AI Document Types

Umango can use artificial intelligence (AI) to analyze documents and automatically capture data based on a document type. These Document Types are then assigned to jobs which utilize the AI training to understand what data to capture and how to capture it.

Pre-trained Document Types are common to many businesses and industries and are flexible with the variations and data fields they capture. The pre-trained document types shipped as standard in Umango and do not require any further training.

Custom Document Types can be trained based on your own document samples. To use custom document types you need to complete the training process before assigning them to your jobs.

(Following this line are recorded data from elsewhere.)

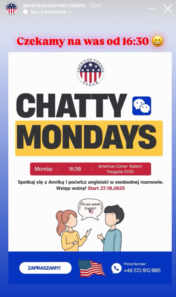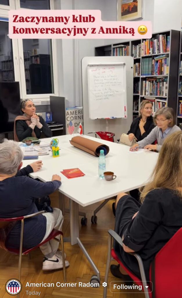 The American Corner is an institute to foster cooperation and exchange between Poland and the USA. Thanks to Ula and Karolina of the American Club in Radom for this opportunity to engage with the community. Thanks as well to everyone who joined!
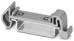 Tragschienenadapter, für NS 35 mit Endhalterfunktion zur Aufnahme von 2,5 mm² und 4 mm² FIX-Blöcken in horizontaler Richtung; Farbe: grau
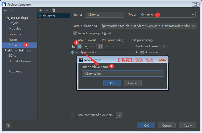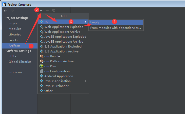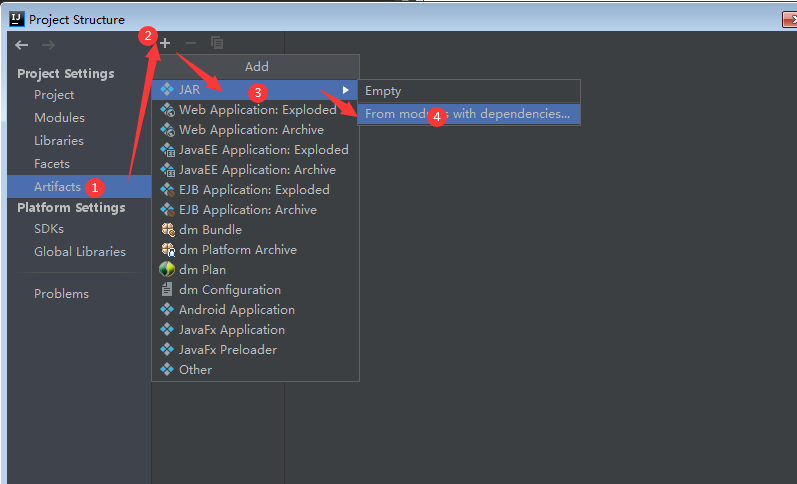第三步:选择Artifacts,点击“+”,在Add中选择JAR,如下图步骤;
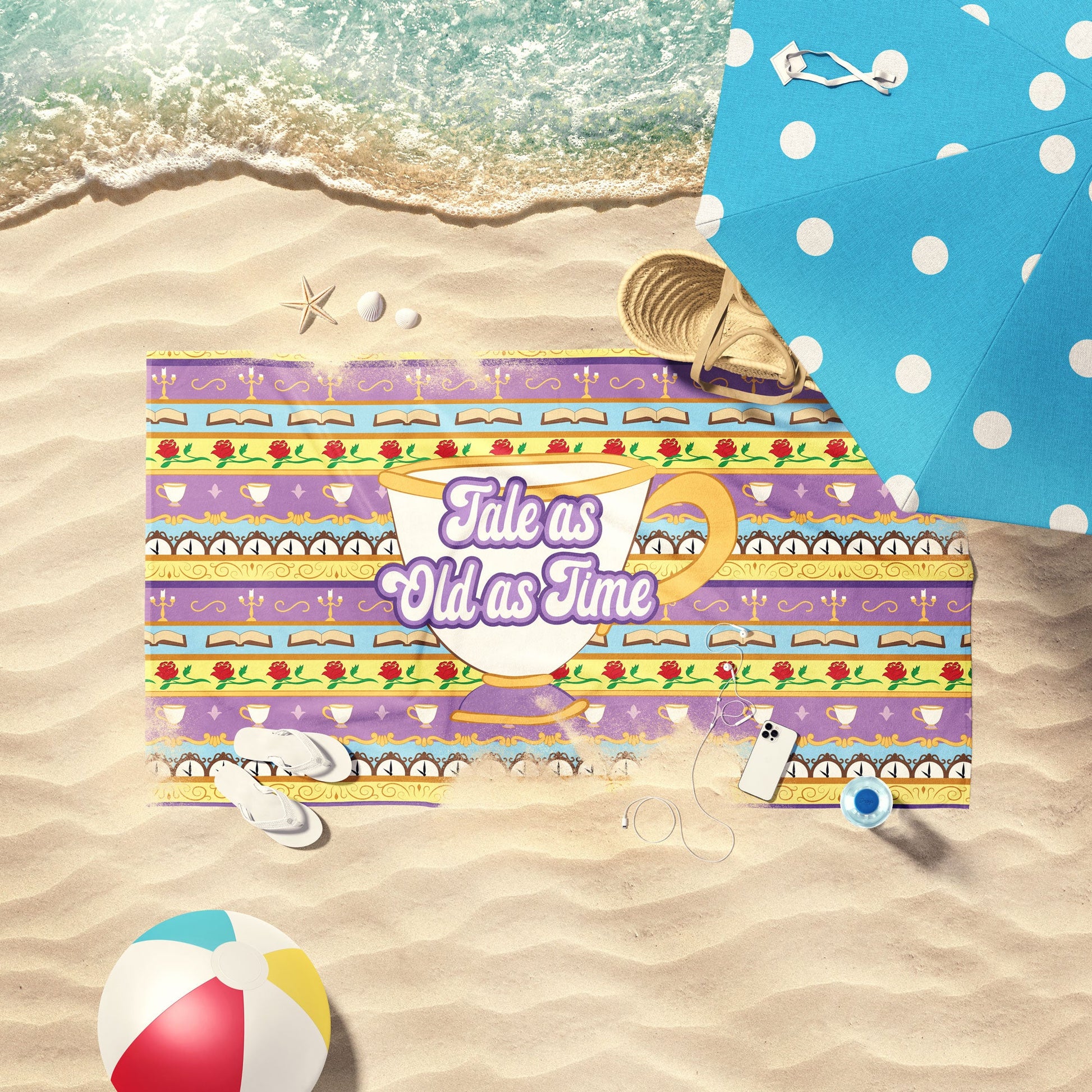Tale as Old as Time Teacup Red Rose Princess Stripe Beach Towel
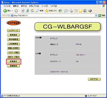 - Web Caster WLBARGSFの設定画面の「状態表示」をクリックしてください。
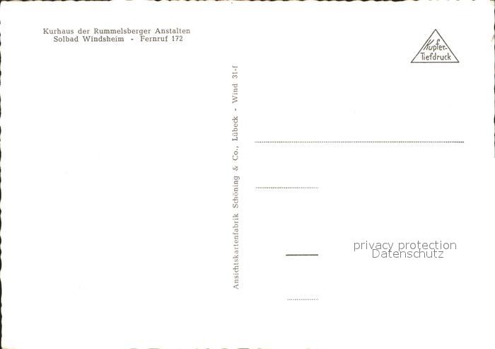 71894634 Bad Windsheim Kurhaus Rummelsberger Anstalten postalisch nicht gelaufen Erhaltung siehe scans KatCode: 11110009575112
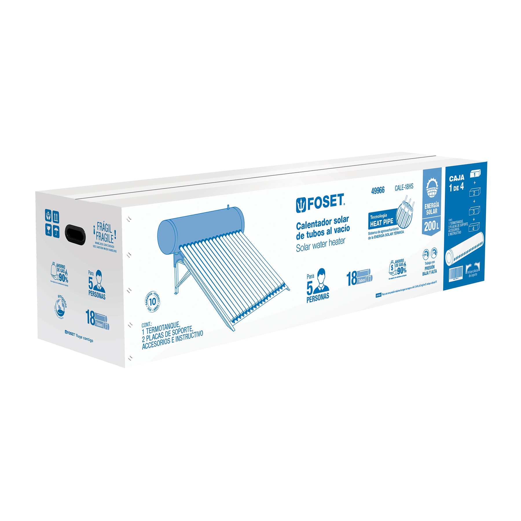 Calentador solar HeatPipe, 18 tubos, 200L, 5 personas, Foset 49966
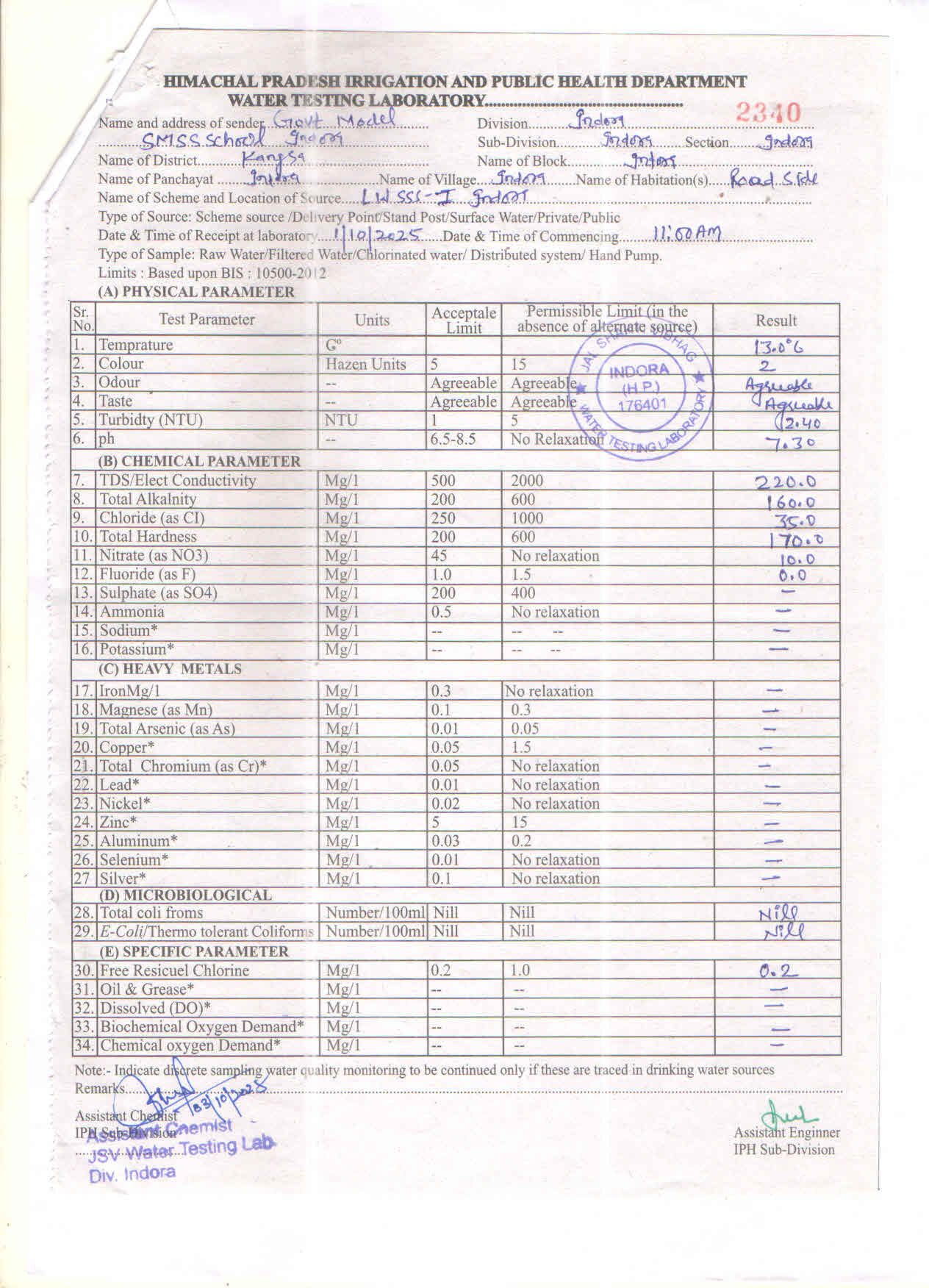 Click HereWater sample test report from Public Health Engineer Department

Information on the available document types are listed below.

Document Type

Description

Languages Supported

Custom Trained

Train and name your own document type using your own sample documents. While creating custom document types requires completing an AI training process, the results are often significantly more accurate and reliable compared to using the pre-trained Structured Document type or relying on traditional OCR zone-based capture methods.

Neural Trained: Documents can be semi-structured. Training takes 20 mins to 1hr. Signature fields not supported. Fields can overlap.

Template Trained: Documents must have a consistent structured. Training takes 1-5 mins. Signature fields are supported. Fields cannot overlap.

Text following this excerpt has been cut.